╔══

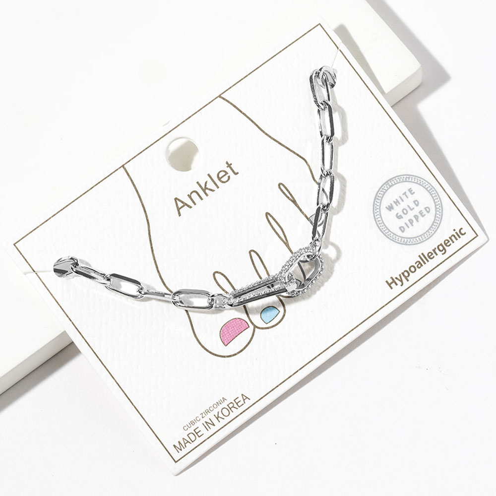 White Gold Dipped CZ Stone Paved Link Accent Paperclip Chain Anklet
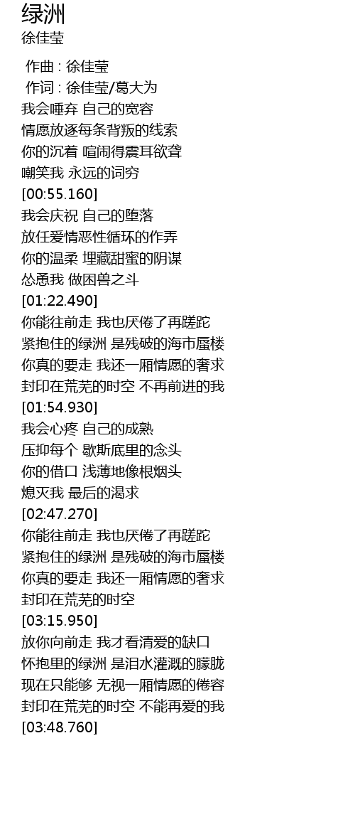 | [00:01.00] | 作词 : 徐佳莹/葛大为 |
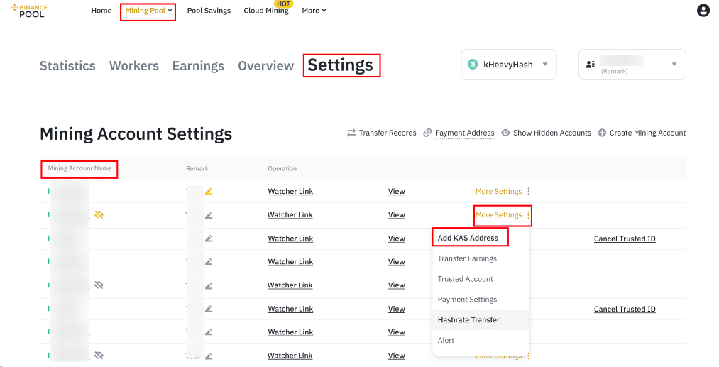 Wählen Sie das Mining-Konto und klicken Sie auf [Weitere Einstellungen] – [KAS-Adresse hinzufügen].
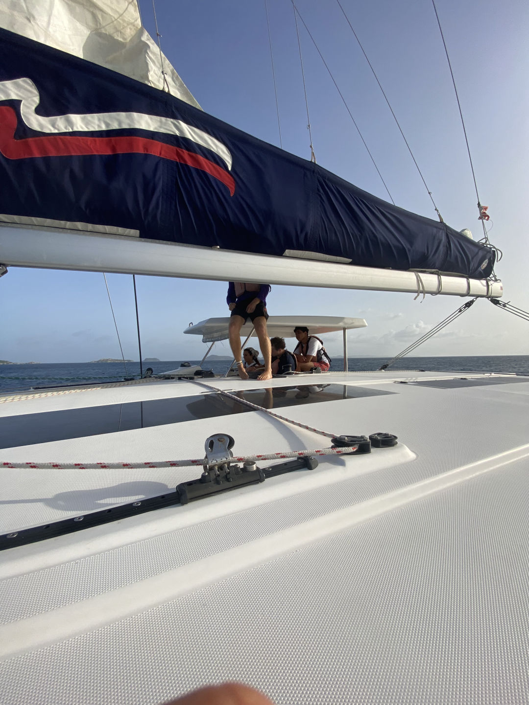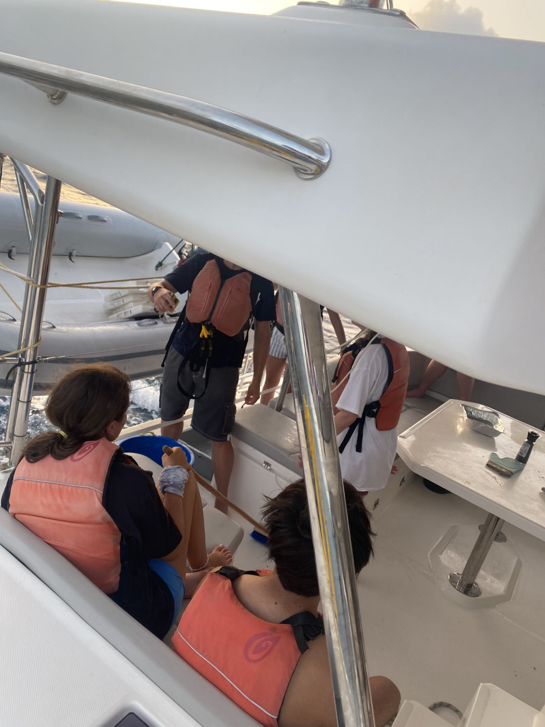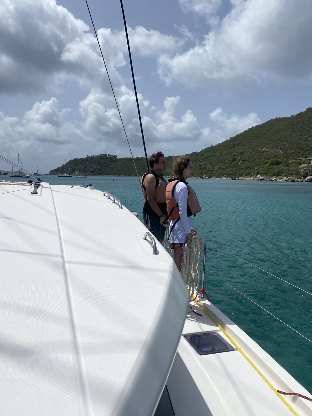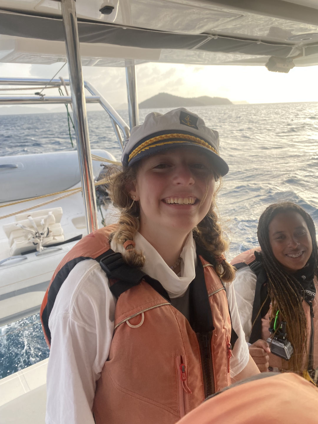 The day started with a wake-up call at 7 am. However, Mary and I woke up at 5:15 am to watch the sunrise for her birthday. Aidan and Matty P snuckily hung a Happy Birthday banner up in the salon, which was super sweet. After breakfast, we started our day with some water sports. While waiting for our turn to go out on the water, we had the opportunity to hang out with the other ship in our fleet, “Mary Lee”. We played a bunch of different card games, including Hearts and Spoons. Eventually, it was my turn to go out on the dinghy to try some cool sports. I got to try kneeboarding for the first time alongside Anno. It’s pretty much this board you kneel on. On the flip side, Ari and Ethan were pros.

╚══

Activity:
Repeat the data above exactly, but not the pictures.

Response to this exercise:
 White Gold Dipped CZ Stone Paved Link Accent Paperclip Chain Anklet
 | [00:01.00] | 作词 : 徐佳莹/葛大为 |
 Wählen Sie das Mining-Konto und klicken Sie auf [Weitere Einstellungen] – [KAS-Adresse hinzufügen].
 The day started with a wake-up call at 7 am. However, Mary and I woke up at 5:15 am to watch the sunrise for her birthday. Aidan and Matty P snuckily hung a Happy Birthday banner up in the salon, which was super sweet. After breakfast, we started our day with some water sports. While waiting for our turn to go out on the water, we had the opportunity to hang out with the other ship in our fleet, “Mary Lee”. We played a bunch of different card games, including Hearts and Spoons. Eventually, it was my turn to go out on the dinghy to try some cool sports. I got to try kneeboarding for the first time alongside Anno. It’s pretty much this board you kneel on. On the flip side, Ari and Ethan were pros.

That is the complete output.